Sleep-onset delay is a common problem and probably accounts for most patients who present with a complaint of insomnia. It usually has psychogenic causes. Sleeplessness may develop from a continued association with stimulating practices and objects at bedtime. Such patients sleep better away from their bedrooms and usual routines, for example, while on vacation. A conditioned internal factor also may develop in the form of apprehension about unsuccessful and excessive efforts to sleep. Conscious efforts to fall asleep result in CNS arousal. These patients consider themselves “light sleepers.” They often have multiple somatic complaints such as back pains, headaches, and palpitations that lead to occasional abuse of alcohol, barbiturates, minor tranquilizers, and hypnotics. The sleep of such patients in the sleep laboratory is usually better than at home because the conditioning factors that are active at home are reduced in the laboratory. Multiple specific psychiatric illnesses associated with anxiety, such as personality disorders (e.g., anxiety and panic disorders, hypochondriasis, obsessive-compulsive disorders), and schizophrenia, also can be associated with sleep-onset difficulty.

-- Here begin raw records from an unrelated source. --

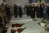 GUBERNATOR SANKT PETERBURGA U BEOGRADU: Položeni venci na grob patrijarha Irineja u kripti Hrama (FOTO)
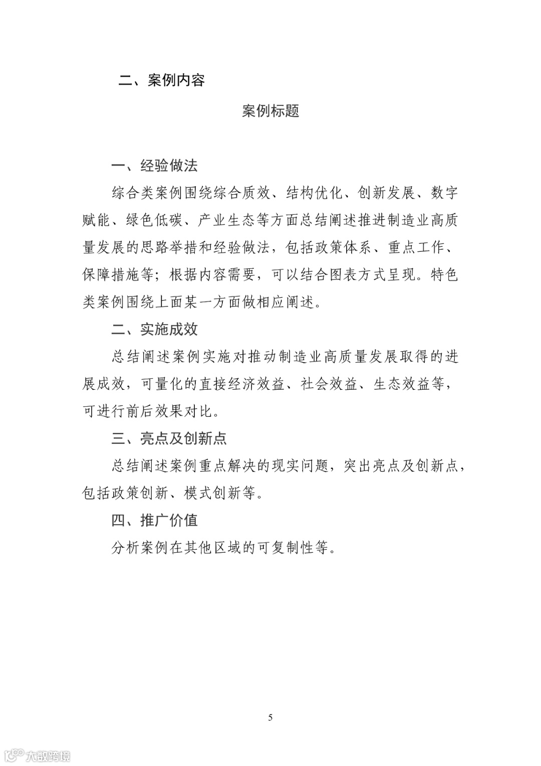 (二)案例须主题明确、重点突出、逻辑清晰、材料真实,主要指标全省领先或进步较快,推动制造业高质量发展取得显著成效,有较强的借鉴意义。
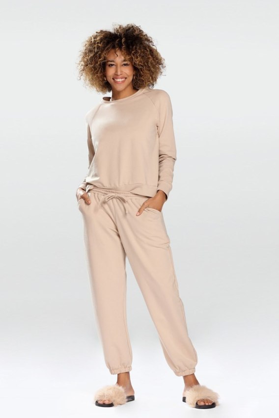 Do zestawu dołączone są spodnie dresowe, które zachwycą Cię zarówno swoją wygodą, jak i praktycznymi detalami. Wykonane z gładkiego materiału, spodnie posiadają dwie kieszenie na przodzie, które pozwalają na wygodne przechowywanie drobnych przedmiotów. Gumka w pasie ze sznurkiem gwarantuje idealne dopasowanie, umożliwiając Ci kontrolę nad luźnością spodni.
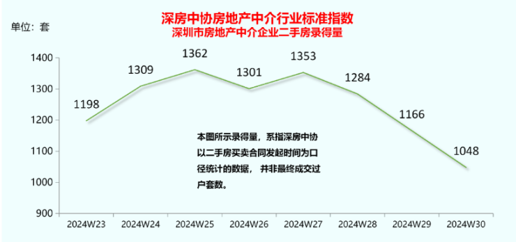 从深房中协公示的数据来看,深圳二手房录得量连续三周下跌,第27周过户量为1353套,而最新的一周仅有1048套。
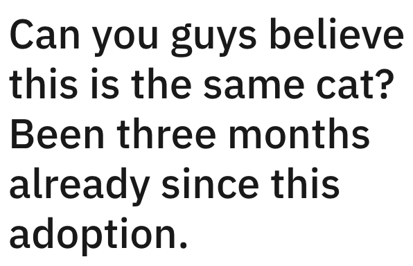 What a sweet baby! This glow-up is serious, they don't even look anything like the previous photo. A little love goes along way, especially with cats. They may not look like it, but they need love to survive just as much as we do!
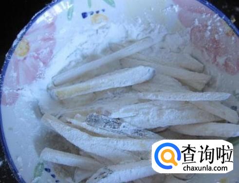 红薯切成条之后放进面粉堆里,没错,就是面粉,和炸薯条一样,直接撒上面粉不停的翻滚,让红薯条均匀的沾上面粉。
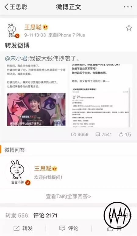 知名电音爱好者王思聪在刚刚忙完Ultra China之后,也参与进来了!众所皆知,大张伟的最新抄袭杰作不光在作曲和编曲方面抄袭,连作词都要抄。被抄袭作词的是作者宋小君,而有趣的是王思聪在今天13:03转发了宋小君这条揭露大张伟抄袭的博文。
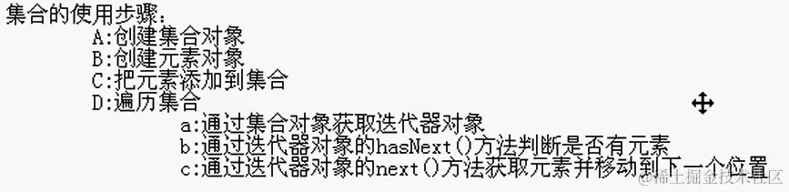 - Object next():获取元素,并移动到下一个位置
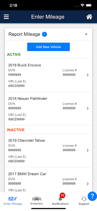 • B & P - Ermöglicht dem Benutzer die für ihre aktive und inaktive Fahrzeuge anzeigen, bearbeiten und löschen Sie neue und bestehende Fahrtenbuch
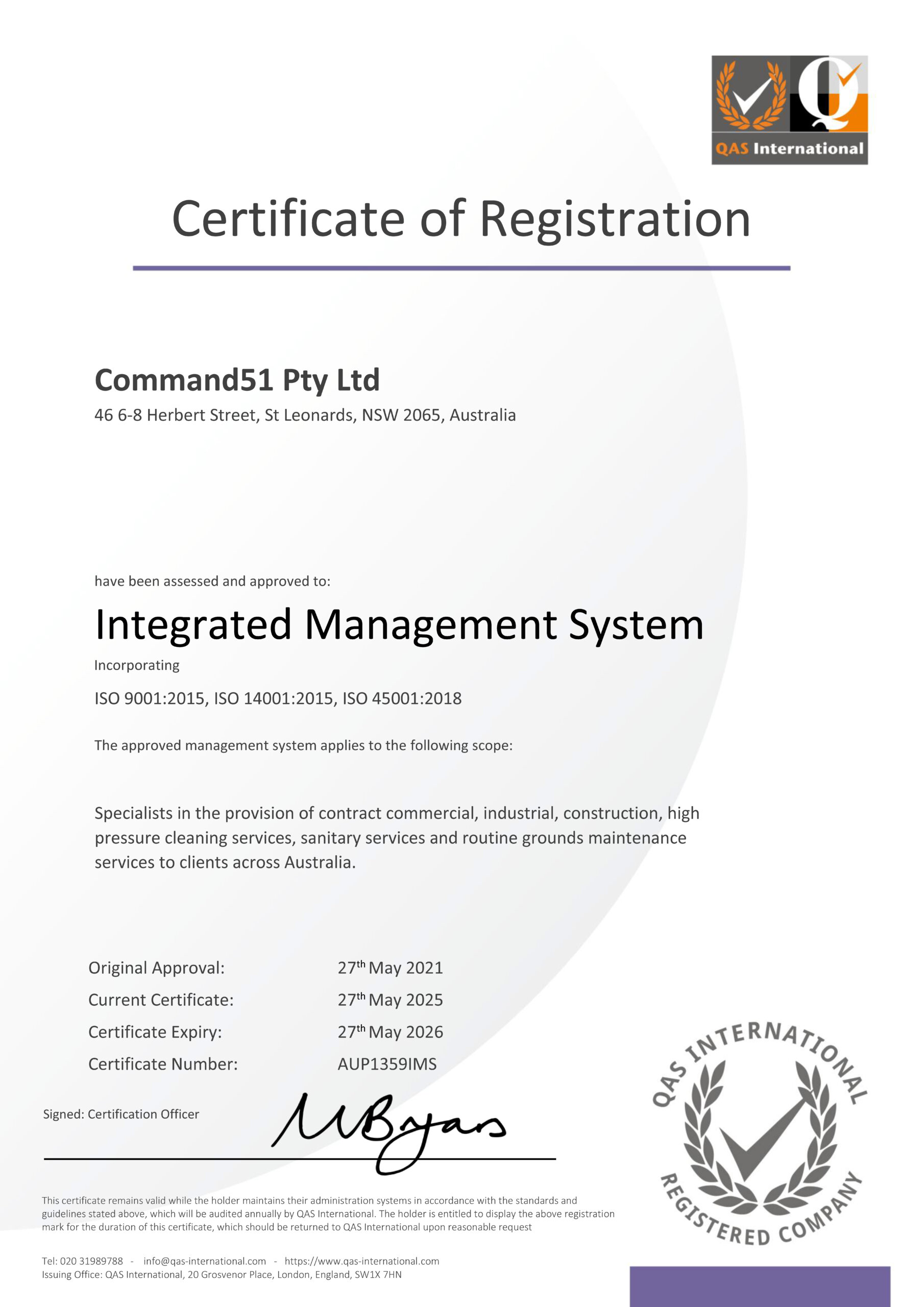 Command51 has proudly achieved ISO 9001 International Standard certification for its Quality Management System. Our Integrated Management System is now fully ISO-accredited across three key areas: Quality, Environmental Sustainability, and Health & Safety Management.
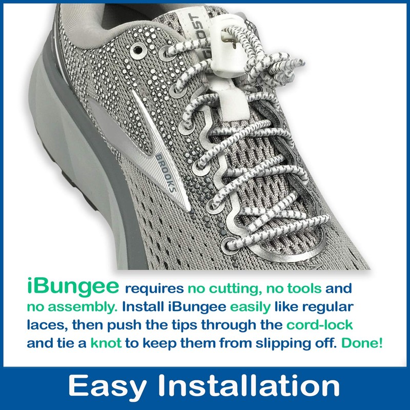- EASY INSTALLATION: Our shoelaces require no cutting, no tools, and no assembly. Install iBungee easily like regular laces, then push the tips through the lace lock and tie a knot to keep them from slipping off. Lace tips easily go thru lace holes.

Drugs also can compromise the initiation of sleep. When obtaining a history, the physician should inquire specifically about possible precipitants of drug-induced insomnia. In addition to steroids and dopaminergic agents, xanthine derivatives (e.g., caffeine and theophylline) may cause sleep disruption. A frequently overlooked class of agents is the beta-adrenergic agonists, such as terbutaline and phenylethylamine derivatives (used as stimulants, appetite suppressants, and decongestants). If such medications are taken late in the day, and in increasing amounts because of the development of tolerance, they easily can cause sleep-onset delay as well as sleep fragmentation and “lightening” of sleep. Such inadequate sleep provokes daytime symptoms such as sleepiness, which is responsible for a further increase of ingestion of the drug to promote alertness.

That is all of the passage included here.